The bug has been closed via the following commit(s): https://gitweb.gentoo.org/repo/gentoo.git/commit/?id=e74afa2c5f42fbc0ff31574a7796c7ee39727e9f commit e74afa2c5f42fbc0ff31574a7796c7ee39727e9f Author: Alfredo Tupone <tupone@gentoo.org> AuthorDate: 2024-04-04 09:19:35 +0000 Commit: Alfredo Tupone <tupone@gentoo.org> CommitDate: 2024-04-04 09:20:03 +0000 sci-libs/caffe2: add 2.2.2 Closes: https://bugs.gentoo.org/928339 Signed-off-by: Alfredo Tupone <tupone@gentoo.org> sci-libs/caffe2/Manifest | 1 + sci-libs/caffe2/caffe2-2.2.2.ebuild | 269 ++++++++++++++++++++++++++++++++++++ 2 files changed, 270 insertions(+)
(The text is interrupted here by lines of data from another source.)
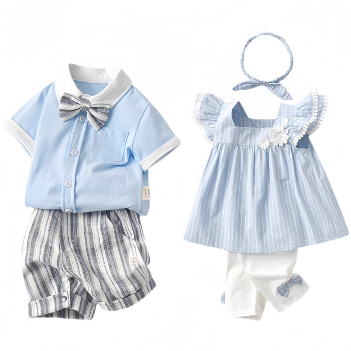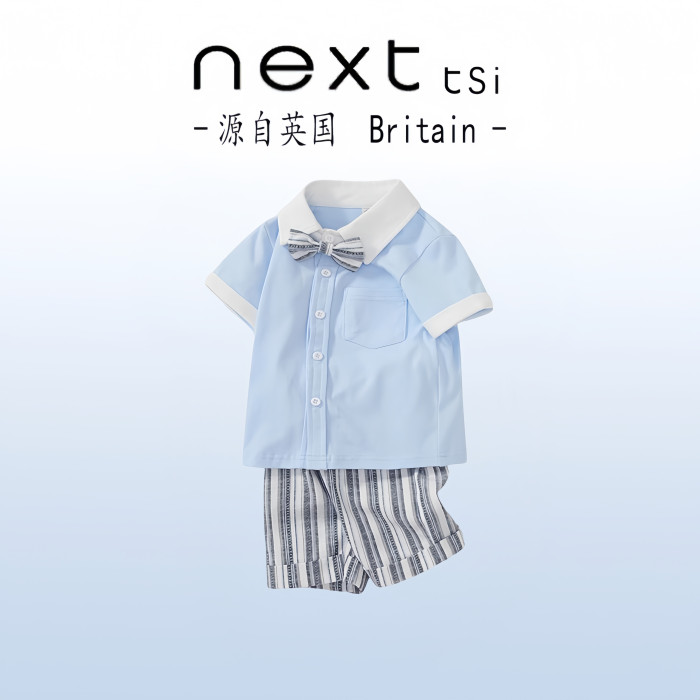 next tsi兒童姐弟裝夏季套裝龍鳳胎甜美襯衫五分褲男童紳士兩件套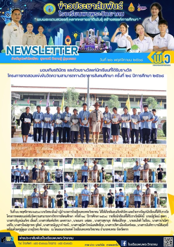 วันที่ ๒๖ พฤศจิกายน ๒๕๖๘ นายวิเชษ เย็นฉ่ำ ผู้อำนวยการโรงเรียนพบพระวิทยาคม ได้ให้เกียรติมอบเกียรติบัตร และถ้วยรางวัลแก่นักเรียนที่ได้รับรางวัล โครงการทดสอบแข่งขันวัดความสามารถทางวิชาการสังคมศึกษา ครั้งที่ ๒๔ ปีการศึกษา ๒๕๖๘ รายชื่อนักเรียนที่ได้รับรางวัลมีดังนี้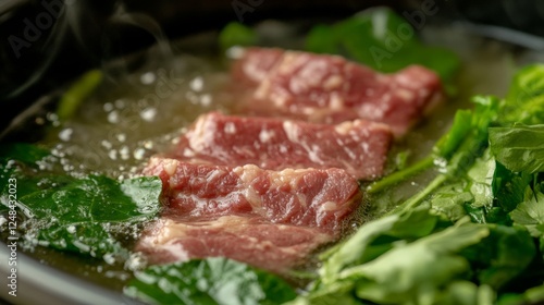 A close-up of thinly sliced wagyu beef being dipped into bubbling shabu broth with vibrant greens in the background.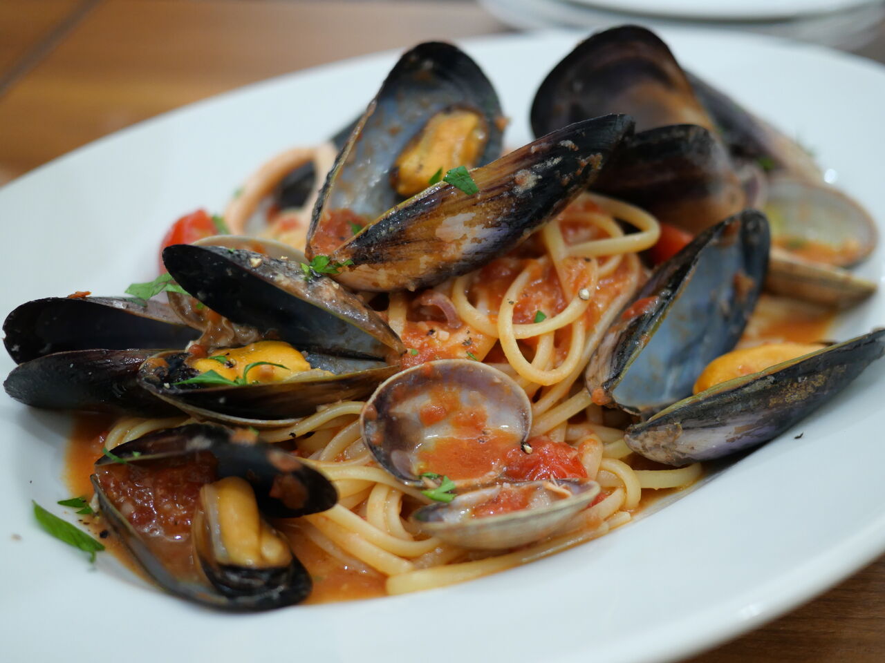 こちらはブコ ディ ムーロの看板メニュー的なパスタ、南イタリア港町のペスカトーレ リングイネ

This bug has not been fixed by caffe2-2.2.2 and the two patches I linked earlier are still required.
(In reply to Ștefan Talpalaru from comment #8) > This bug has not been fixed by caffe2-2.2.2 and the two patches I linked > earlier are still required. I knew. I put a blocking, wait for upstream, unless they 'll take too long. Multumesc
> I put a blocking, wait for upstream, unless they 'll take too long. Upstream fixed it in 2.3.0, but the ebuild was not updated to remove the dep version limitation in "<dev-util/nvidia-cuda-toolkit-12.4.0:=[profiler]".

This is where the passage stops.